Untitled (Two Minutes to Midnight)
2018
Dental plaster, mild steel supports
Sculptural installation (plinth dimensions 328.8 x 138 x 21.6 in. / 835 x 350.5 x 55 cm. )
Installation view, Kochi-Muziris Biennale
2018
Dental plaster, mild steel supports
Sculptural installation (plinth dimensions 328.8 x 138 x 21.6 in. / 835 x 350.5 x 55 cm. )
Installation view, Kochi-Muziris Biennale
Jitish Kallat’s sculptural installation Untitled (Two Minutes to Midnight) draws together two carefully chosen pointers, one from our prehistoric past and the other pointing to a prophesied future. The suite of sculptures derive their form from paleolithic hand axes and stone tools that were the first human effort to alter the planet. The first stone tools mark the dawn of human ingenuity, augmenting physical capacities before exponential future innovations lead to uninhibited human supremacy and indiscriminate manipulation of the planet.
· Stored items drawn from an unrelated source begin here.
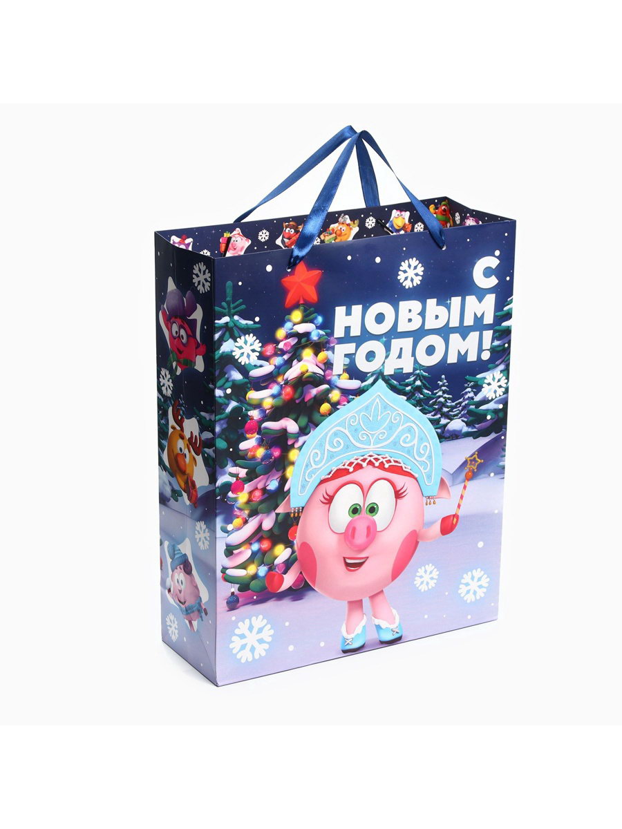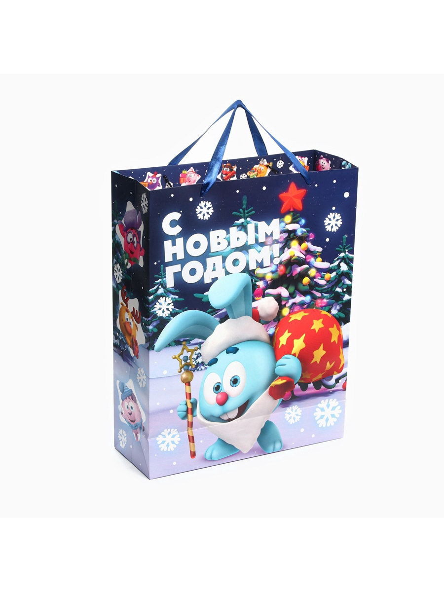 Пакет подарочный новогодний "С Новым годом", 31x40x11.5 см, 11.5x31x40 см., Смешарики, Китай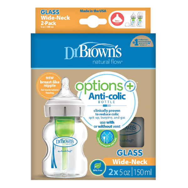 Το γυάλινο μπιμπερό Options+ με φαρδύ λαιμό της Dr Brown's είναι ένα εργονομικά σχεδιασμένο μπιμπερό με φαρδύ λαιμό.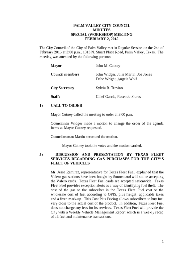 - Get the The City Council of the City of Palm Valley met in Regular Session on the 2nd of February 2015 at 3:00 p form in PDFfiller’s filebase.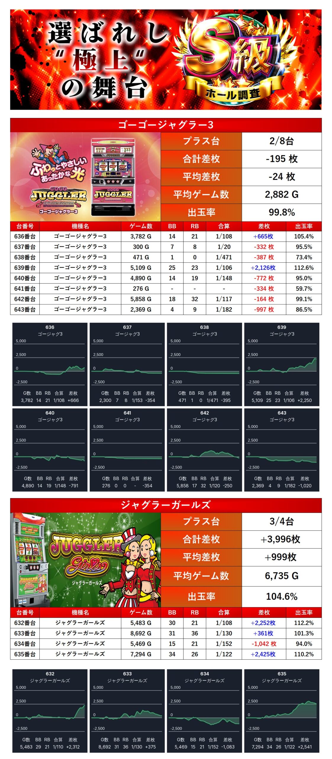初開催のS級ホール調査はメイン機種を軸に安定した出率で二つ星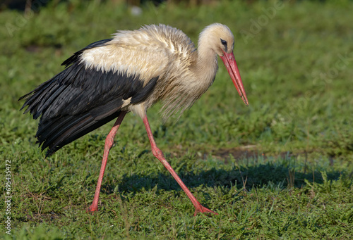 Obraz premium Mature White stork (Ciconia ciconia) walks on mowing grass field at spring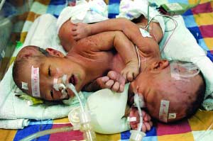 胸腹相連,兩個小生命緊緊地連在一起。只是他們并不知道,父母和醫(yī)生正為他們的命運擔憂。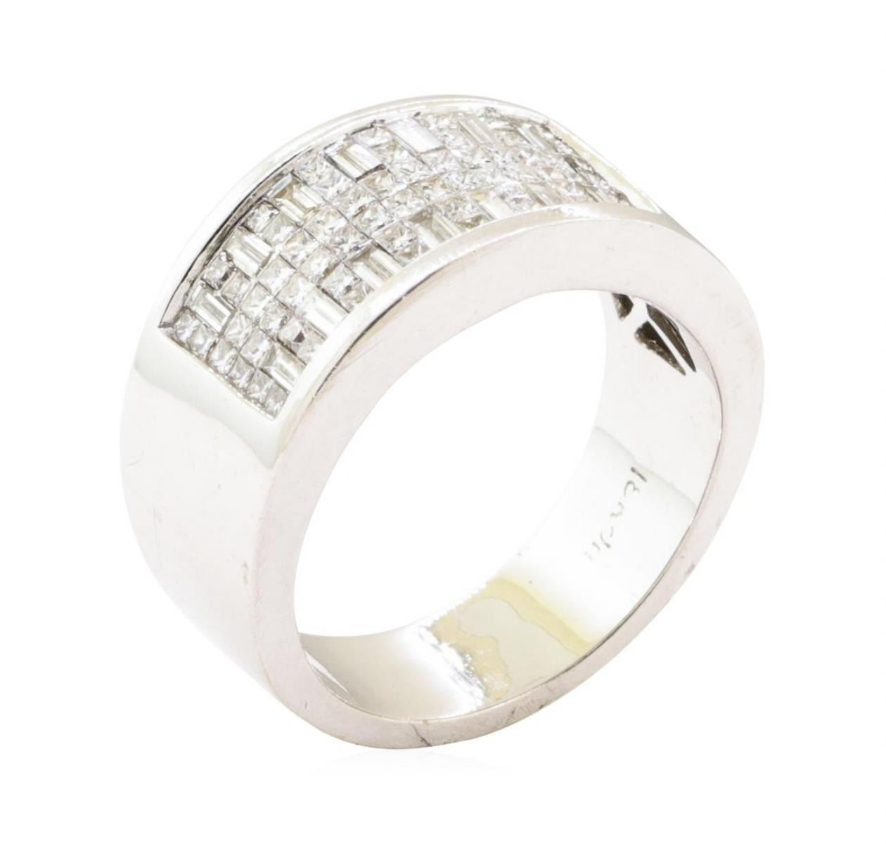 One electronically tested 18KT white gold lady's cast fashion ring with a tapered flat wide band with a bright polish finish. The featured lady's ring has a shank measuring 6.25 millimeters wide. Identified with markings of '18K'. Condition is new, good workmanship. Containing: Sixty-Two invisible set princess cut diamonds, measuring 1.20 x 1.20 x 0.90mm (depth est.) approximate total weight of 62 Stones = 0.65ct. Graded in the setting. Color I - J Clarity VS-2 to SI-1 Cut Very Good Fourteen invisible set baguette cut diamonds, measuring from 2.40 x 1.20 x 1.02mm (depth est.) to 2.50 x 1.30 x 1.11mm (depth est.) approximate total weight of 14 Stones = 0.42ct. Graded in the setting. Color H - I Clarity VS-1 to VS-2 Cut Very Good. Total Weight of Diamonds 1.07ct.. Total Weight of Ring 11.40gm GAS Appraised at $5510.00. GAS Appraised.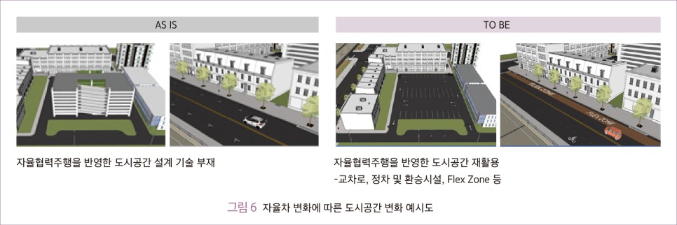 설계치 이외의 도시 가로도 자율주행 시대에 많은 변화가 있을 것으로 예측하고 있다. NACTO(2019)는 자율주행차 도입으로 주행 시 차량 간 간격 감소, 도시 내 주행 차량 대수 감소, 속도가 둔화되면서 지금보다 더 작은 도로 공간이 사용될 것으로 보고 있다. 이에 기존 도로의 여유공간은 보행자에게 더 많은 공간을 제공할 것으로 예측하고 미래 도시 가로설계 청사진을 제시했다.
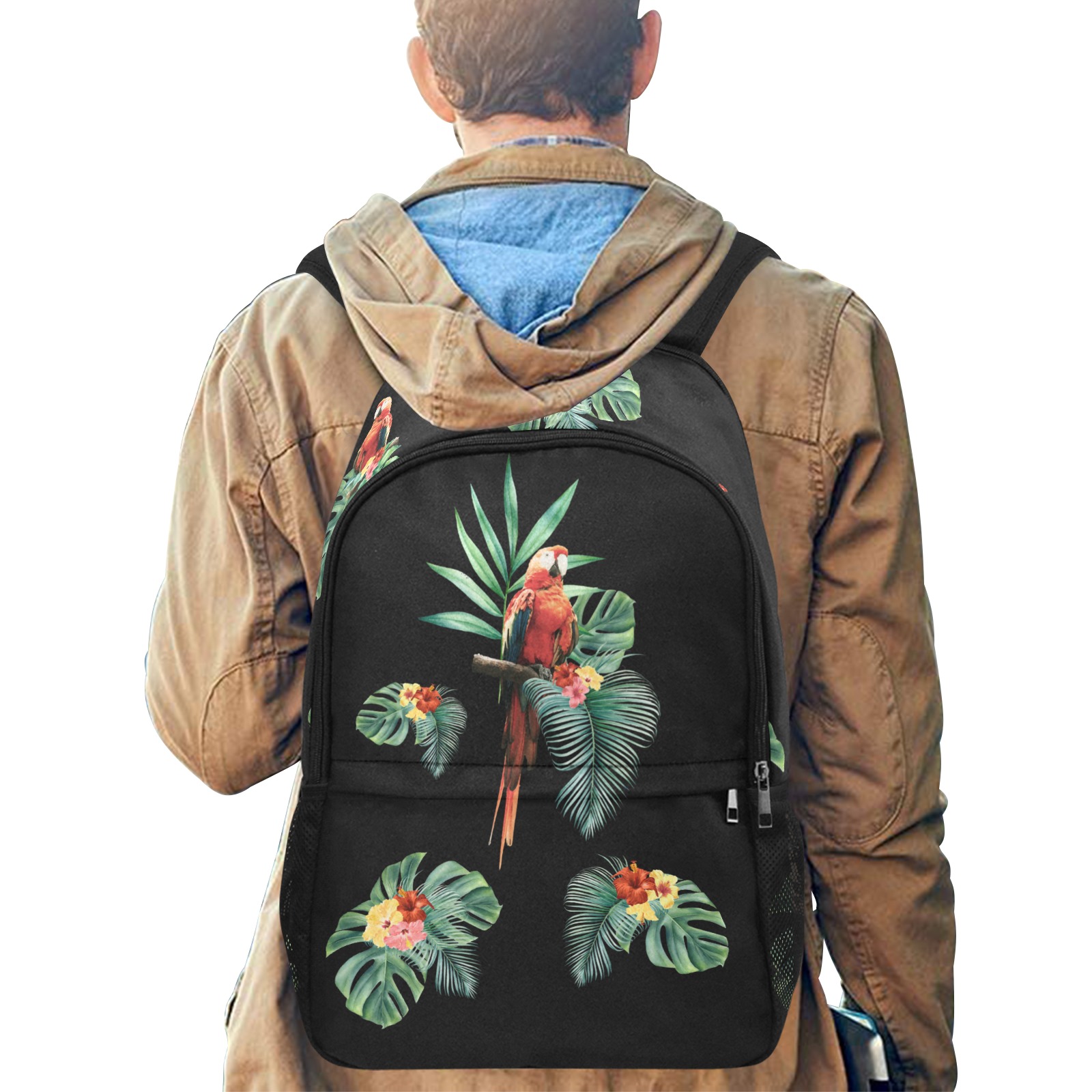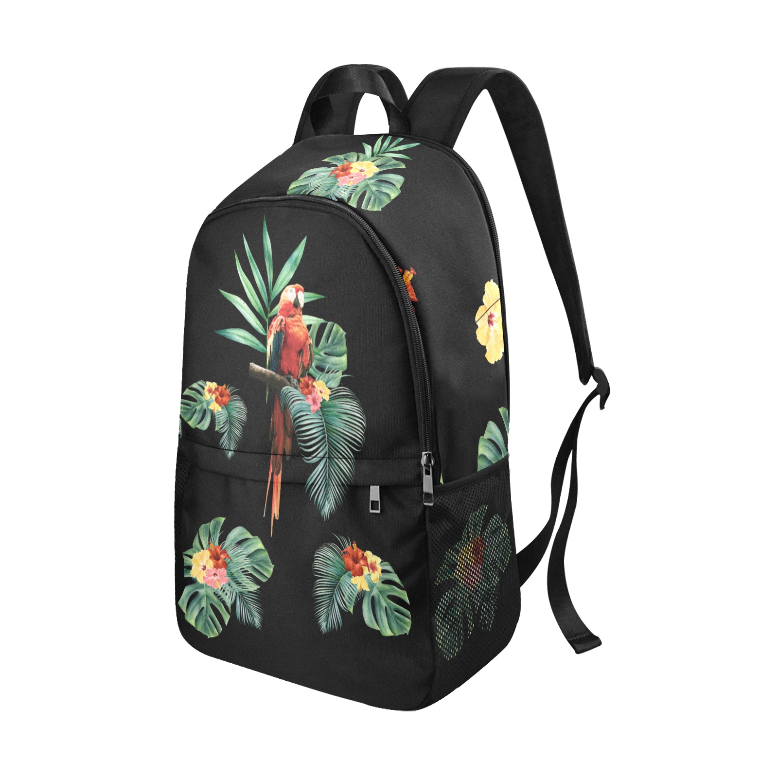 - New fabric backpack with two side mesh pockets for your umbrella, water bottle, etc.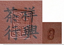 The Chen Dinghe (陳鼎和) Purple Sand Pottery Shop was founded in 1916 by Chen Yuanming (陳元明), the president of the shop, and had branches in Shanghai and Yixing. In the early years, a large square seal with the name "陳鼎和" in relief standard script was placed on the bottom of the pots, and in the middle period, a large square seal with the name "陳鼎和" in relief standard script and a seal script "陳鼎和陶器廠 (Chen Dinghe Pottery Factory)" were used in combination. In the latter half of the period, the large square seal "陳鼎和" and the maker's signature were used again. Some of the signatures are written in English.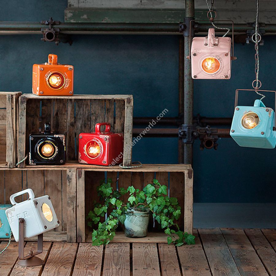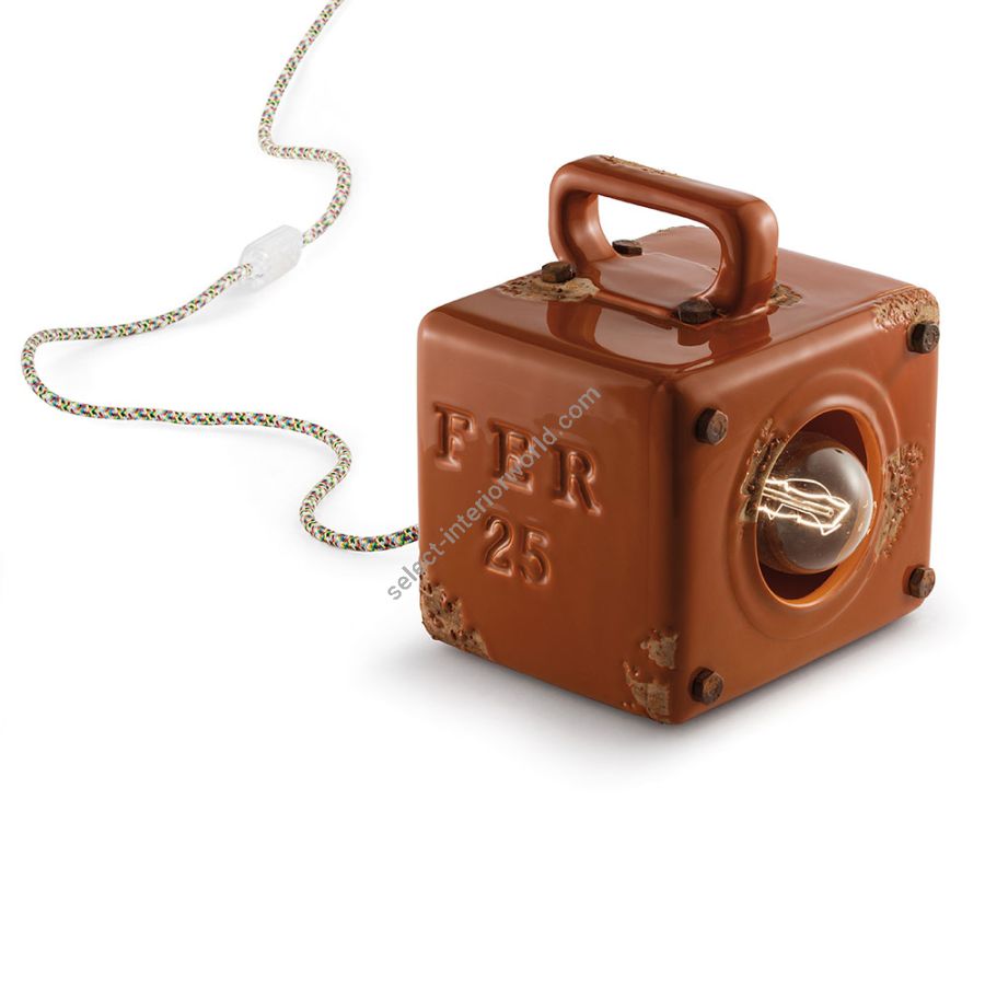 Bright colors, glossy surfaces and refined signs of the time, for a current profile in the guide of another one that is past. The screws, with cor-ten finish, are the detail that completes this table lamp, giving it fully industrial taste.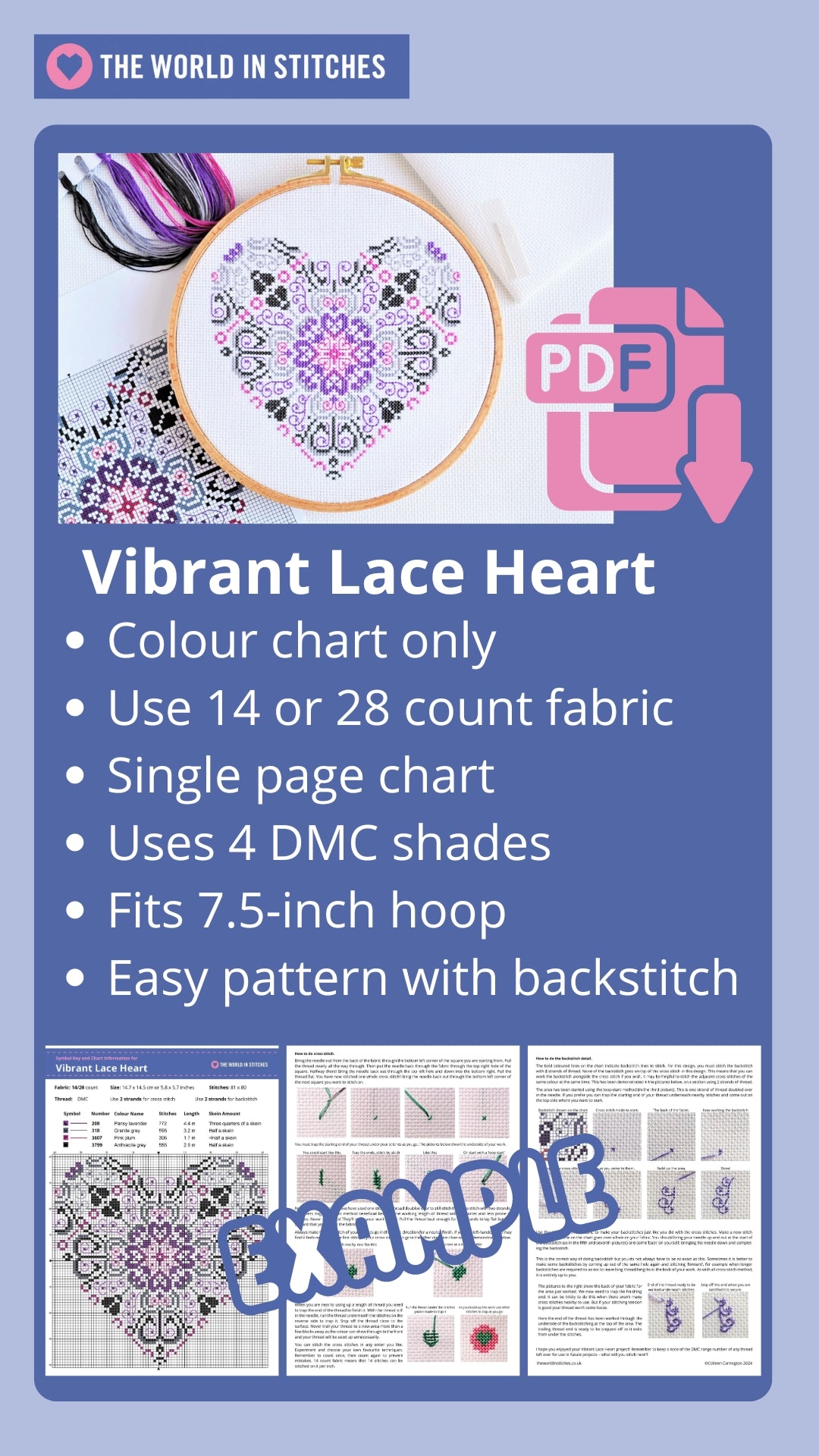 Available here is the complete cross stitch chart for 'Vibrant Lace Heart' which will be made available to you immediately after purchase. You'll be able to download and keep the PDF files.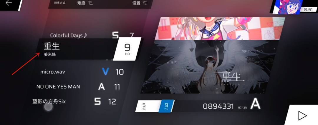 4、然后选择【望影の方舟six】这首歌,也是难度随便。
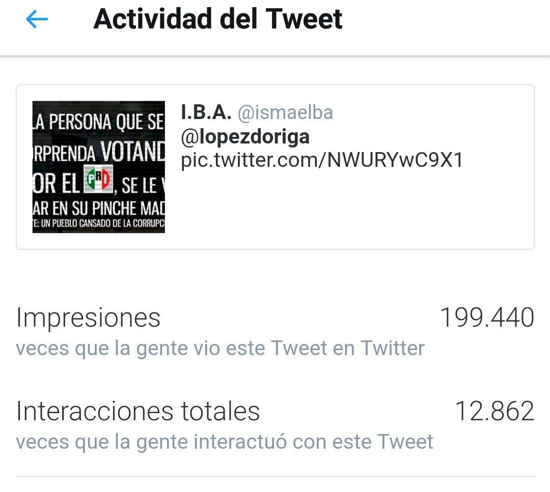 Q buen comentario felicidades . Si eso presume la mierda de López pos parece q@sus 7 millones nomas interactuaron pocos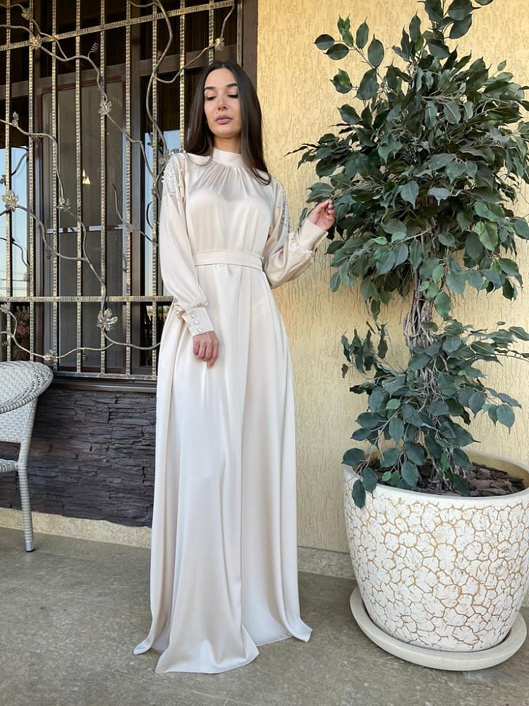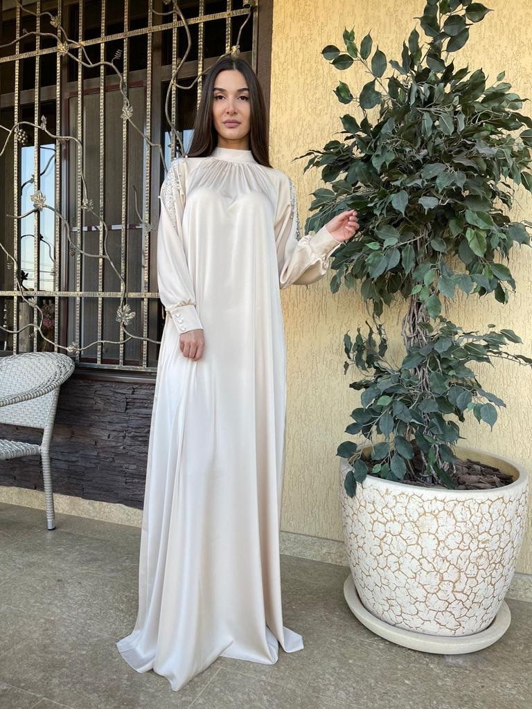 Роскошное платье для праздничных мероприятий из шёлк армани цвета экрю, размер 46-48-50. На рукавах декорировано стразами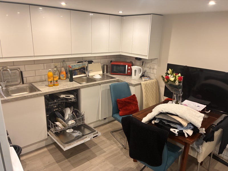Large communal kitchen with2 ovens, 2sinks dishwasher, washing machine etc. Off street parking. The room is in house that has been converted into studio apartments Grange Hill tube station which is on the central line is only 10 minutes walk. Viewing highly recommend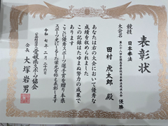 | [優秀スポーツ選手賞]全国大会部門 (全国大会で優勝したもの) 今治拳友会 田村虎太郎 第28回全国高等学校日本拳法選抜大会 男子個人競技 第1位 |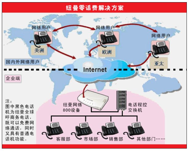 電話(huà)通訊技術(shù)發(fā)明以來(lái)最震撼的革命——零話(huà)費(fèi)解決方案由紐曼開(kāi)始,該方案由紐曼全球呼智能商務(wù)電話(huà)和網(wǎng)絡(luò)800組成,操作簡(jiǎn)單、音質(zhì)清晰,通話(huà)雙方用普通電話(huà)機(jī)實(shí)現(xiàn)免費(fèi)通話(huà)。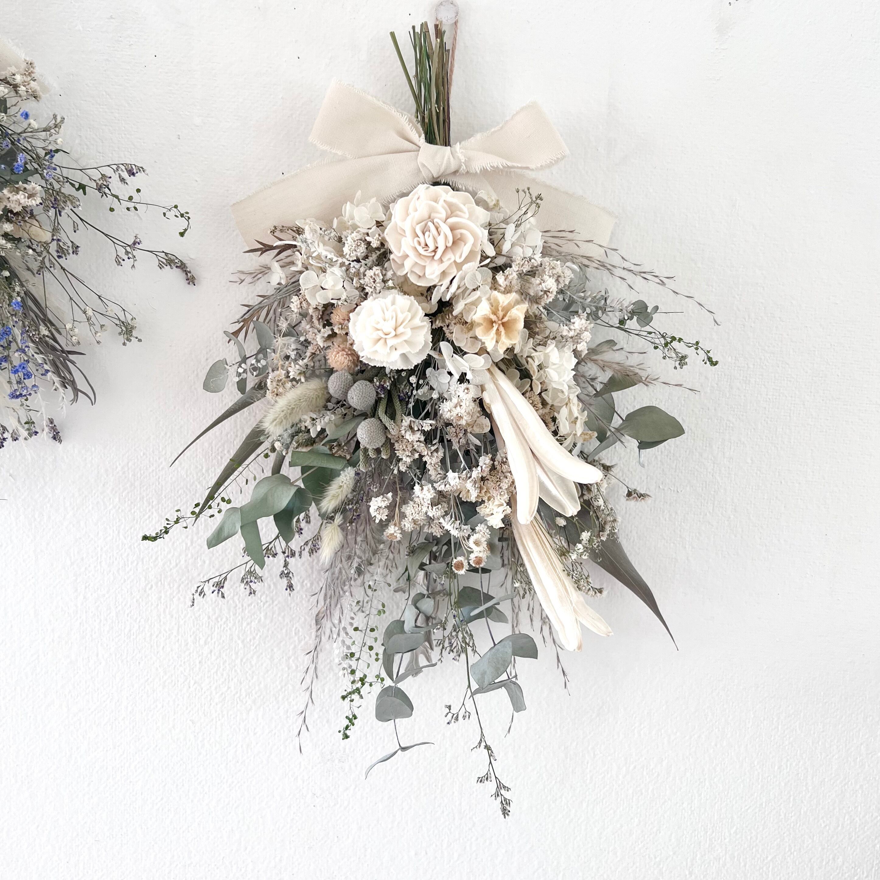 ソラダリアと小花のスワッグ ナチュラルホワイト ドライフラワー 誕生日プレゼント 引っ越し祝い 記念日. ギフト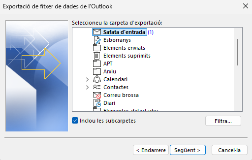 - Selecciona les carpetes que vols exportar (pots triar tota la bústia).

Numerous clusters of reptilian and mammalian, fish and bird eyes imbue the oversized tools with an uncanny sentience. Kallat places these enigmatic sculptures on a plinth that derives its form from the hands of the iconic ‘Doomsday Clock’.
The ‘Doomsday Clock’, has been maintained since 1947 by members of the Bulletin of the Atomic Scientists’ Science and Security Board, a congregation that includes several Nobel laureates. The symbolic clock represents a hypothetical human-made global catastrophe as “midnight”, and the Bulletin’s opinion on how close the world is to a global calamity as a number of “minutes” to midnight. Its original setting in 1947 was seven minutes to midnight. Since then it has annually been set backward and forward 23 times. As of January 2018, the clock is set at “two minutes to midnight”, due to nuclear threats, climate change, bioterrorism, and artificial intelligence. Kallat’s sculptural installation draws together ciphers that link past and future, dawn and midnight to induce a contemplation on the many urgencies of our present-day existence.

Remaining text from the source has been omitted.